There has been a massive reduction in poverty around the world in the last decade. However, the same cannot be said for Fiji. The rate of poverty at independence in 1970 was 7 percent. Since then it has increased almost fourfold and currently stands at around 32 percent. Both the incidence and the severity of poverty increased between the three Household Income and Expenditure Surveys (HIES); with levels of 15 percent in 1977, 25 percent in 1990-1991, and 34 percent in 2002-2003. Results from the 2008-2009 survey show that poverty has slightly decreased but is still above 30 percent. Desegregating poverty changes into rural and urban areas shows that while there is a reduction in urban poverty from 28 percent to 19 percent between the two surveys, rural poverty has increased from 40 percent to 43 percent.
Given the level of economic growth since 2008, depressed wages and salaries, high inflation due to global fuel and food prices, lack of employment creation in the formal sector and devaluation, the impact on poverty is likely to be higher. Based on this, it would not be an exaggeration to state that the poverty level in Fiji is now around 40 percent. In fact, some unofficial estimates put the poverty level at about 45 percent, and it could be reaching 50 percent.
The exuberance about the short-term modest sustained growth is good news. However, it will take much more in terms of structural reforms, consistent and transparent government policies and increased confidence through transparent progress toward the 2014 election to address the problem of poverty and achieve long-term economic growth.
Neelesh Gounder is a Lecturer in the School of Economics at the University of the South Pacific. Biman Prasad is Dean of the Faculty of Business and Economics at the University of the South Pacific.
Biman & Nilesh,
I could not agree more. Several years ago several of us (including Prof Prassad here) argued that Fiji’s economy was not as fragile as some in the international community had hoped for / wished. The belief that the Fiji economy would imminently collapse (thereby taking the regime with it) was a bizarre hope / brief that it was almost impossible to argue against in the capitals of Canberra and Wellington even if you had facts on your side.
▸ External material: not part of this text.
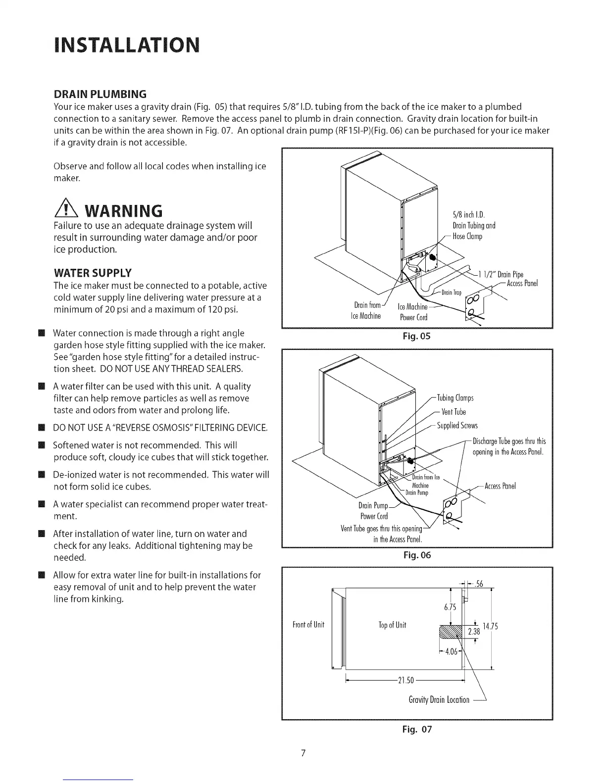 units can be within the area shown in Fig. 07. An optional drain pump (RF151-P)(Fig. 06) can be purchased for your ice maker

Similarly, the Fijian economy is not as secure as some would believe now either. Your paper and blog correctly highlight several vulnerabilities. In addition is the lack of foreign capital. The challenge with asian investment seems to be that the cash somehow never ends up in your country – a phenomenon seen in many Pacific Islands. So as a result the NFA and therefore exchange rates can be vulnerable.
It is true that many are simply waiting the election and foreign largess that may come with re-integrating into the international community – but it must always be borne in mind that Fiji is a very open economy. If Asia and Australasia slow down at the same time the structural faults highlighted by the authors could cause significant financial and economic problems.
You chaps are right – there is a need to keep a close eye on poverty (and I would suggest inflation) as they may give a better picture of what is happening on the ground.